About this exercise: Take the lines below from the one with "천도호 주변에 생각보다" through the one with "BAFLE AMPLIFICADO SEMI-PROFESIONAL" and print only them, exactly. Don't print the pictures.

Input data:
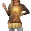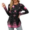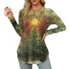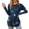 Womens Long Sleeve Round Neck Shirts Side Split Basic Loose Tunic Tops Christmas Print Casual Shirts
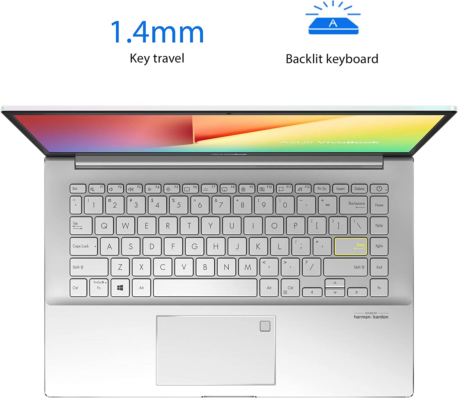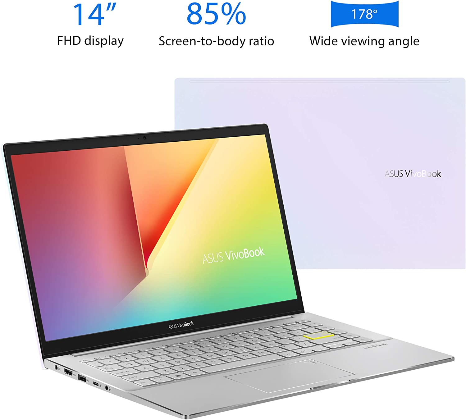 ASUS VivoBook S14 S433 Thin and Light Laptop, 14” FHD Display, Intel Core i5-1135G7 CPU, 8GB DDR4 RAM, 512GB SSD, Thunderbolt 3, Wi-Fi 6, Windows 10, AI Noise-Cancellation, Dreamy White, S433EA-DH51
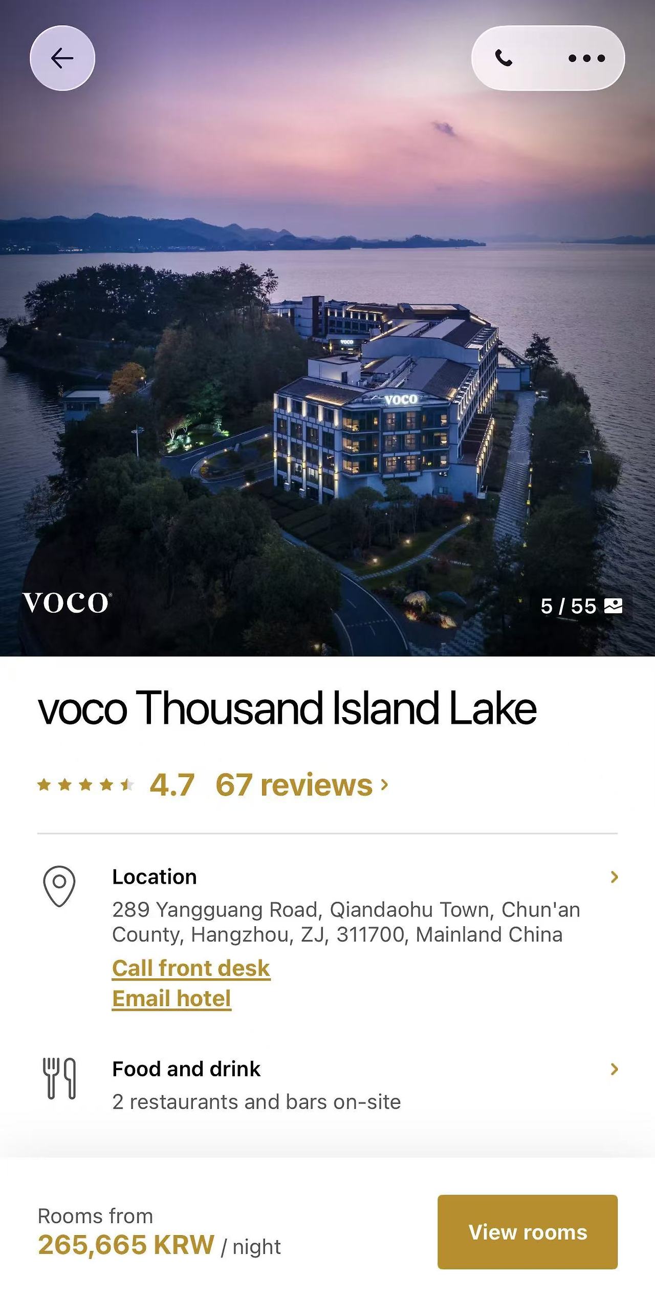천도호 주변에 생각보다 글로벌호텔이 많지 않아요. 저는 IHG 위주라 보코호텔로 갔어요.
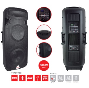 BAFLE AMPLIFICADO SEMI-PROFESIONAL 3 VIAS, 300W RMS, DOBLE WOOFER DE 15", ECUALIZADOR DIGITAL EN MODO BT, ECUALIAZDOR GRAFICO DE 5 BANDAS, 1 SALIDA A
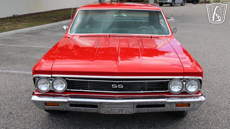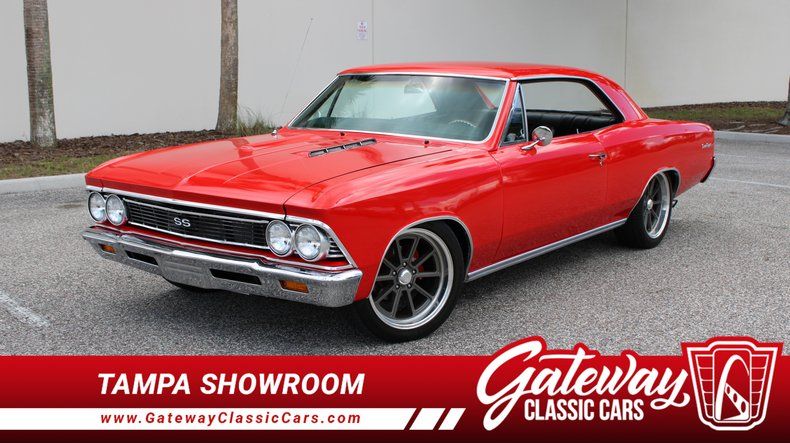 Gateway Classic Cars Tampa Showroom is pumped to digitally present this nasty 1966 Chevrolet Chevelle "SS" Tribute. Car guys and girls love to name their rides and this one might be appropriately named, "El Diablo." Everything about this '66 is HOT! The red paint is so hot you'll have to squint. Maybe, "Hot Sauce" is a better name. Anyway, if you want the classic mid '60s Chevelle look but with substantially better performance then look no further. This "Tribute" was a full blown restoration performed by the owner who just happens to be a retired military veteran with a serious attention to detail obsession. Under the hood, is a very healthy de-stroked 454 (140154445) crammed with a mean sounding cam and topped off with Edelbrock heads, Weiand Stealth intake, and a Brawler carb. A Muncie 4-speed sends the power back to a 12 bolt rear differential with 3.73 gears. Wilwood brakes and QA1s keep everything stopping and handling better than new. If you want to mess with your neighbors, flip a switch and the exhaust opens...he he. They'll love it. So here's the bottom line. This '66 has the look, the stance, the power, and the cool factor without question. It would virtually be impossible to find a worthy Chevelle, take it to a quality shop, and have it built to this level for what you can buy this tough guy for. Consignor/Builder has a folder of receipts. You'll see this one sitting on the showroom floor at the Tampa location, but you better hurry!

The answer:
천도호 주변에 생각보다 글로벌호텔이 많지 않아요. 저는 IHG 위주라 보코호텔로 갔어요.
 BAFLE AMPLIFICADO SEMI-PROFESIONAL 3 VIAS, 300W RMS, DOBLE WOOFER DE 15", ECUALIZADOR DIGITAL EN MODO BT, ECUALIAZDOR GRAFICO DE 5 BANDAS, 1 SALIDA A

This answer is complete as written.